Fantastic and Realistic Blend Well in ‘What It Means’

A few years ago, I was mesmerized by a story from LeVar Burton Reads, “What It Means When a Man Falls From the Sky” by Lesley Nneka Arimah. It wasn’t just LeVar Burton’s performance, though that’s enough to make any writing magical (if you’re a writer in a rut, try imagining him narrating your prose as you go—it works wonders). The story itself was brilliant and lingered with me for long after he read the ending credits.

Basically Reading Rainbow for adults and it’s honestly the best.

A few months later, I saw the collection, also called What It Means When a Man Falls From the Sky, on NPR’s Book Concierge list. I am a sucker for Levar Burton Reads. I am a sucker for NPR’s Book Concierge. And this story collection didn’t disappoint.

Arimah’s imagery is stunning throughout. A father does not merely take care of his growing daughter on his own—no. “They survived the crime scene of the girl’s first period, where she proved to be as heavy a bleeder as she was a sleeper, the red seeping all the way through to the other side of the mattress. They survived the girl discovering this would happen every month” (“Light”). And an obviously mismatched man and woman do not begin to fall in love, but “He laughed, thinking she was joking, and his misunderstanding loosened her tongue” (“Glory”). It isn’t poetry in the usual way people talk about prose being poetic. It is far too sensible to be that. In lacking that sort of lushness to decorate life, it instead feels like it is woven into the very fabric of the world Arimah creates.
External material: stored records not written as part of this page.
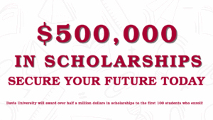 At Davis University, scholarships aren’t just for those who qualify for financial aid. No matter your status of financial assistance, you may still be eligible for a variety of scholarships based on your background, goals, or academic journey. Don’t miss out—explore your opportunities and apply today!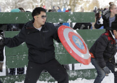 Sniega pikām lidojot no visām pusēm, daudzi slēpās aiz pašgatavotiem vairogiem, kamēr citi par aizsegu izmantoja parkā esošos piknika galdus.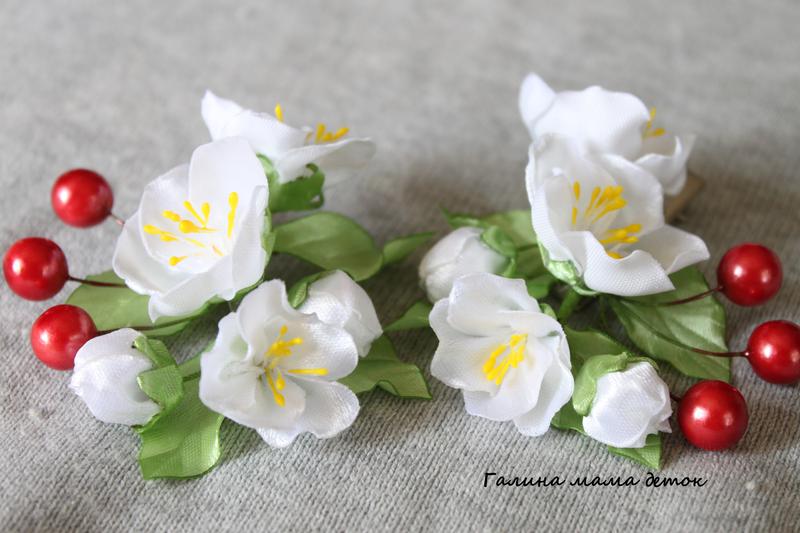 заколочки для волос с вишневой веточкой, все элементы подвижны.

She shows considerable prowess in plotting, too. From the titular story that drew me to this book, which describes how bureaucracy controls and muddles a miracle mathematical formula that allows people to heal sadness or fly, I expected a sense of otherworldliness to be a common thread throughout. Although there are several stories that delve into the magical—a world in which women build themselves children out of various materials, from mud to sticks to porcelain to human hair, and rely on motherly magic to make them into real babies; the heartbreak that follows a prolonged feud between gods and goddesses—most of the stories are rooted in a reality that looks very much like our own. They still carry with them a glimmer of the fantastic but their strength lies in how Arimah pulls that glimmer from the mundane of human failings.

And she knows how to pace a short story. I found myself rereading several of them after a twist at the end changed my whole understanding of the story thus far. “What It Means When a Man Falls From the Sky” is what brought me to the collection but after reading the whole thing, I think “Windfall,” a story about a mother and daughter surviving on a purposeful string of personal injury claims, might be my new favorite. The hair one, though (“Who Will Greet You At Home”), will also linger with me for a long, long time (shudder).

A wordy title, but it earns it.

Story collections are always a bit harder to review than novels in some ways. I can’t give a trite little summary. There is no overarching plot to consider, no long-con characterizations to judge. There are these glimpses into other stories that could have been longer stories or that could still be longer stories somewhere but instead are encapsulated in few enough words that you can hold them in your hands. LeVar Burton has impeccable taste. The NPR Concierge was spot on. This is a fantastic collection. But don’t take my word for it.